Since then, England’s fragile psyche has been plain to see. They’ve followed what should be defining wins with performances when they’ve simply lost the plot – defeat in Cardiff followed Dublin last year, the World Cup Final against South Africa followed the triumph against New Zealand.
It even happened within a single match at Twickenham last March, 31-0 up after half an hour and then rather humiliatingly having wild celebrations at escaping with a 38-38 draw against Scotland.
After that game Eddie spoke frankly about the psychological issues his team had, and how he’d solve them before the World Cup. Well, he clearly didn’t, witness the last two games in Japan and Saturday’s Six Nations opener against France.
That game was uncannily similar to Murrayfield 2018, not just in the way it played out on the scoreboard. Eddie is occasionally guilty of over-smart selections (so is Gregor Townsend) and his back row on Sunday was as unbalanced as the monster trio which was given the runaround by John Barclay and Hamish Watson in 2018.

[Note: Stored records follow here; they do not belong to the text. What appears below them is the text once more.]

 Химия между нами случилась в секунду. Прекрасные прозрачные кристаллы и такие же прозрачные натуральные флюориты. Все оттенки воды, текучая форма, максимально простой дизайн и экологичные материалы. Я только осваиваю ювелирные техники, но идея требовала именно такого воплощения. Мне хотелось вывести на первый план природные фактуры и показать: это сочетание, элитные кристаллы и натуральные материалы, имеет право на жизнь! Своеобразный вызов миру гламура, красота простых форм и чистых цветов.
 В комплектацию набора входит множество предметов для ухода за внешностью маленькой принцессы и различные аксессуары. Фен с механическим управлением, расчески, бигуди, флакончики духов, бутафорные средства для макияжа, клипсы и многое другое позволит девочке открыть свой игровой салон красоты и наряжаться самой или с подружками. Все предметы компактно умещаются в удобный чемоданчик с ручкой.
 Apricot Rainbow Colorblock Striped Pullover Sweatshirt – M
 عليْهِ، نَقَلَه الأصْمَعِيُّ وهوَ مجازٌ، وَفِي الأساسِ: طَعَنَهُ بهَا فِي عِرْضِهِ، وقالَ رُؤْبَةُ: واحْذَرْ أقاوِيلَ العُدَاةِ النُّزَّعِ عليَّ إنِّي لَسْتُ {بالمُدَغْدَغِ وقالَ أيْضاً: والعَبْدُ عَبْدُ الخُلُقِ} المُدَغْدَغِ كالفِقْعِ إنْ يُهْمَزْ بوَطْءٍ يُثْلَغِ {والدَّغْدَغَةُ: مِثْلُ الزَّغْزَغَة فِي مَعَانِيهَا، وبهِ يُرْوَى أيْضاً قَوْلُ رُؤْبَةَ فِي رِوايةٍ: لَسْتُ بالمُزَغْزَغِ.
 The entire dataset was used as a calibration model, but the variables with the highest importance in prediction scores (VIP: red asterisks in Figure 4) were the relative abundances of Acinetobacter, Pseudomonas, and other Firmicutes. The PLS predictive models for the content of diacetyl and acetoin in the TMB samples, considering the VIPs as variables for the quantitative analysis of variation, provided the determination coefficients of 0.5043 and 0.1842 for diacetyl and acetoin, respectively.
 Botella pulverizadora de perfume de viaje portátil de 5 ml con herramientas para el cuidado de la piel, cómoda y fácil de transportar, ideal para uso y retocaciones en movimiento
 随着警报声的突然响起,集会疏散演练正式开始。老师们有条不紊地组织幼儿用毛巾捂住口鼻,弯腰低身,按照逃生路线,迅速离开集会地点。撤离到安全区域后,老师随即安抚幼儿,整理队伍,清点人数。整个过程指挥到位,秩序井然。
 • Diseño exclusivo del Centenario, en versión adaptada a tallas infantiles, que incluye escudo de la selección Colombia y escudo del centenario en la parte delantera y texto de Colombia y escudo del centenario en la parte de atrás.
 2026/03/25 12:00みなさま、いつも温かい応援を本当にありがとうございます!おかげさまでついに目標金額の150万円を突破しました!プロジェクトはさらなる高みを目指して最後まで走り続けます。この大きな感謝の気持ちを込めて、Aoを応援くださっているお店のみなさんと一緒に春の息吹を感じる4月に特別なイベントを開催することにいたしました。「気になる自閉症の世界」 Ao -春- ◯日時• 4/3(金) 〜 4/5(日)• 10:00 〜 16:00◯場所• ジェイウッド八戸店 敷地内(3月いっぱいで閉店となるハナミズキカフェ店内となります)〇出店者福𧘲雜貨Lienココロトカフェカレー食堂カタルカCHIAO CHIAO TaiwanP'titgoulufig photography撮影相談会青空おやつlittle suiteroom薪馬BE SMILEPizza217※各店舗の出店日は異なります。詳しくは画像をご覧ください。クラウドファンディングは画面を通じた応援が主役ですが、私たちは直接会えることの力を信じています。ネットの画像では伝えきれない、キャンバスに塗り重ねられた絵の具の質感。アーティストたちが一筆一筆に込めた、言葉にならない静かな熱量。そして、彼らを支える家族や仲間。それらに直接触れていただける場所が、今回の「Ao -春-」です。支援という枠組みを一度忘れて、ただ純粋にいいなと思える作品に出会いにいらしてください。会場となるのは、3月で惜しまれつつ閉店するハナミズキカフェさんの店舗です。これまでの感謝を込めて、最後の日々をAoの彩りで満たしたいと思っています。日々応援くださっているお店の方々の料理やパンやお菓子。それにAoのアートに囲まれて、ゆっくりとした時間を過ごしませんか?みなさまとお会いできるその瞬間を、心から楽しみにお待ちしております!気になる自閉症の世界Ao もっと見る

England come north without Vunipolas, without Manu Tuilagi, a recognised No 8 or a half decent scrum-half it seems. They still have vast resources, but their perennial issue – moulding into a consistent, effective 15-man unit – seems beyond even Eddie’s considerable rugby brain.
At least his hair’s still great
Perhaps my affection for Eddie Jones stems from the obvious contempt in which he held Matt Williams, the hapless and mercifully brief Scotland coach of the early 2000s.
Williams has hardly had a gig since he was fired by Scotland, but he sprung up as one of the studio analysts on Irish TV for the game in Dublin last week.
He seems to get plenty airtime and scope to write in the Irish media, even though he hasn’t had any involvement in elite rugby for 15 years.
The Scots who remember him remain mystified by this. Still, I can report his hair is as luxuriantly silver as ever.